If it's truly a DOS program, it should run under Windows with few problems. You can just copy the entire program from your old computer to the Windows 98 machine.


----------



## sisterdear (Dec 13, 2003)

I have all the files transferred. The problem is that it appears to be copy protected. If I was to use port to port could I open it that way???


----------



## mole (Aug 24, 1999)

On what platform did the livestock feed program originally run: DOS 3.3, DOS 5.0, DOS 6.22, etc.?

What platform are you trying to run it on: W9x/NT/2K/XP?

EDIT: Sorry, I noticed the title of the thread! I see it's Win98.

There are compatability modes in Win2K-sp2+/XP that work pretty well. In Win98, you may be able to start the program before Windows starts. That is not too difficult to do, but try a few other things first. You may also need to append the OS's search path to include the directory the program is installed in by using the "set" command. 

set path=c:\feedprog;%path%

(The above will only append the path in the current secondary command prosesssor session under Windows command prompt. You'd have to edit the global environment settings in Windows or configure a special *.pif file with custom %path% settings.)

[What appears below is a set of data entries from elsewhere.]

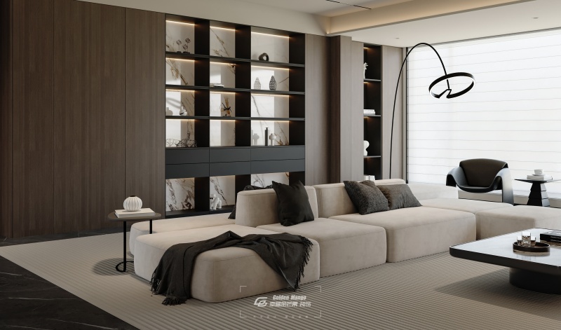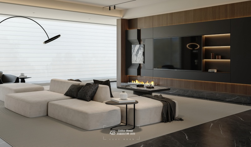 踏入客廳,便被其通透開闊的格局所震撼。墻面以黑、白、木三色為主基調(diào),通過簡潔的線條與色塊劃分,勾勒出極具現(xiàn)代感的視覺效果。
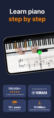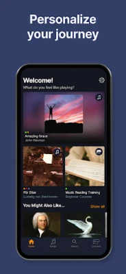 يُسهل flowkey رحلتك التعليمية بدروس تفاعلية ومسارات تدريبية مصممة بعناية. للمبتدئين، هناك دورات واضحة لتعلم قراءة النوتات الموسيقية، التعرف على لوحة المفاتيح، وإتقان العزف باليدين معًا. أما العازفون المتمرسون، فيمكنهم الغوص في دروس متعمقة حول المقامات، التآلفات، وفن الارتجال، مما يوسع آفاقهم الموسيقية. ومع ميزات مثل "وضع الانتظار" الذي يواكب عزفك ويوفر ردود فعل فورية، وخاصية التدرب على كل يد بشكل منفصل، بالإضافة إلى مقاطع الفيديو الاحترافية التي توضح وضع الأصابع الصحيح، يضمن flowkey تجربة تعليمية سلسة وممتعة. يعمل التطبيق بانسجام مع البيانو الصوتي والرقمي ولوحات المفاتيح الموسيقية، ليحول جهازك إلى معلمك الموسيقي الشخصي.
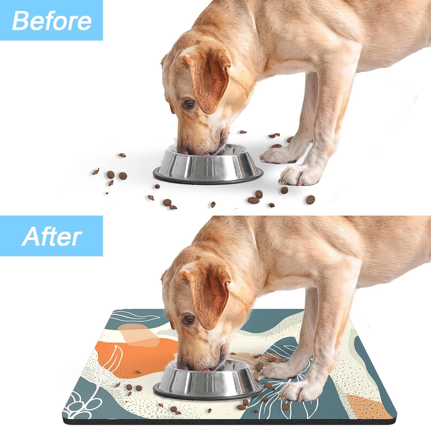 • Fashion Print Pet Mat: Pet feeding mat for floor with unique design, elegant yet simplistic, goes well with any style of home décor. Add this colorful pet food mat to your home to keep the floor clean and add a little touch of art to your lifestyle
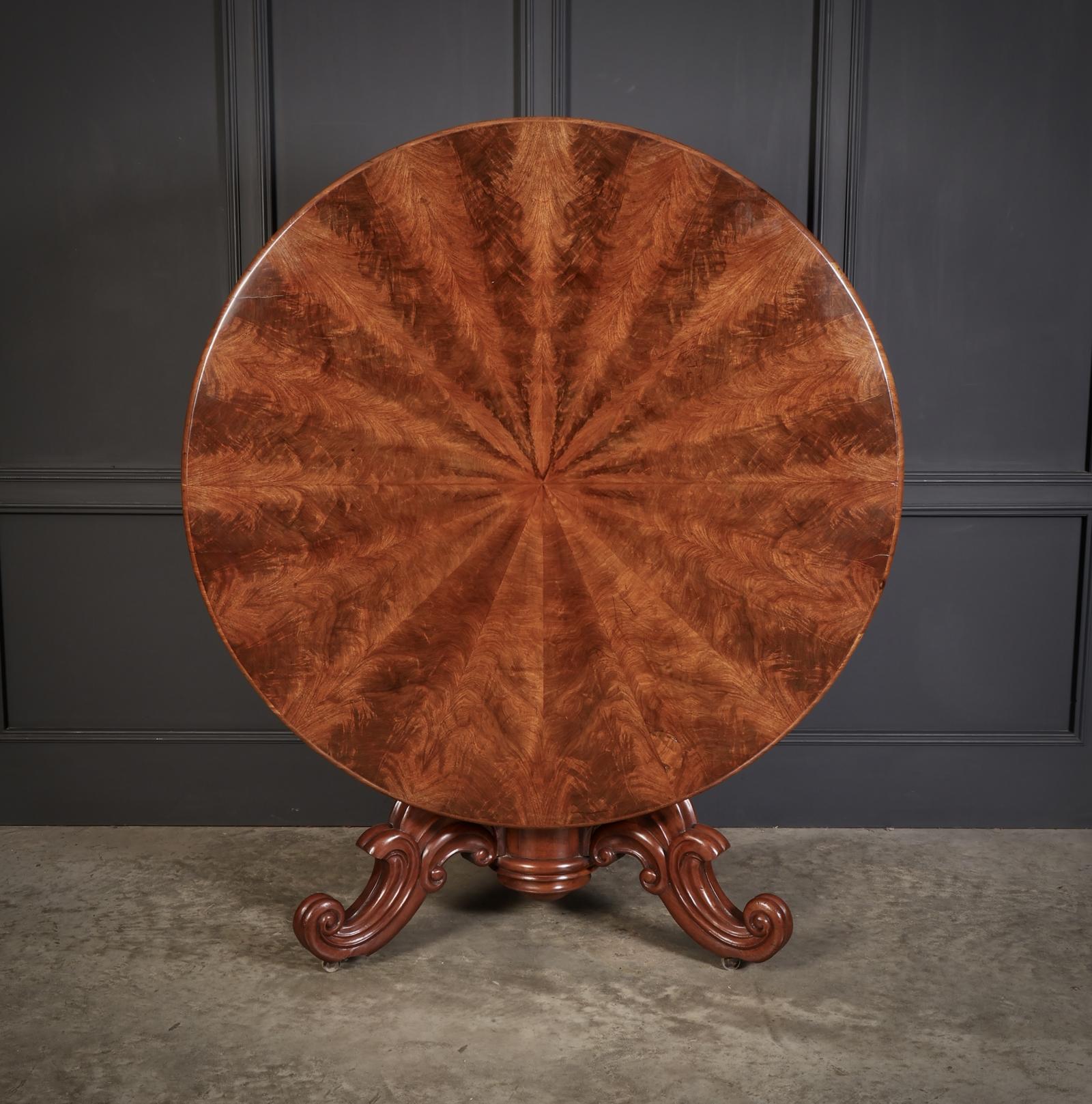 An exceptional Early Victorian tilt-top centre table dating to circa 1840, crafted from beautifully figured mahogany.

Since this is an old program it may not recognize a directory named longer that 8 characters or with spaces. If the message about the application being expired is incorrect due to one of the above scenarios, you may need to start the program within its own command processor shell like this:

%COMSPEC% /c c:\feedprog\feedprog.exe

An expanded environment might help too:

%COMSPEC% /e:2048 /c c:\feedprog\feedprog.exe

Toggling to the directory it resides in may also help:

cd c:\feedprog
c:\feedprog\feedprog.exe

On the other hand, it may well be expired, but possible to override the expiration but that may violate copyright, so I'd rather not go down that path further. What does a Google search turn up, others may have had the same problem as you or there may be another vendor with a replacement product.


BTW - Yes, I do specialize in keeping old applications running where I work.


----------



## Perfesser (Jun 2, 2003)

The program might be checking the date (a lot of DOS programs do); try this:
uninstall it from the new system
change the system clock to the year 2000
reinstall and see if it works.


----------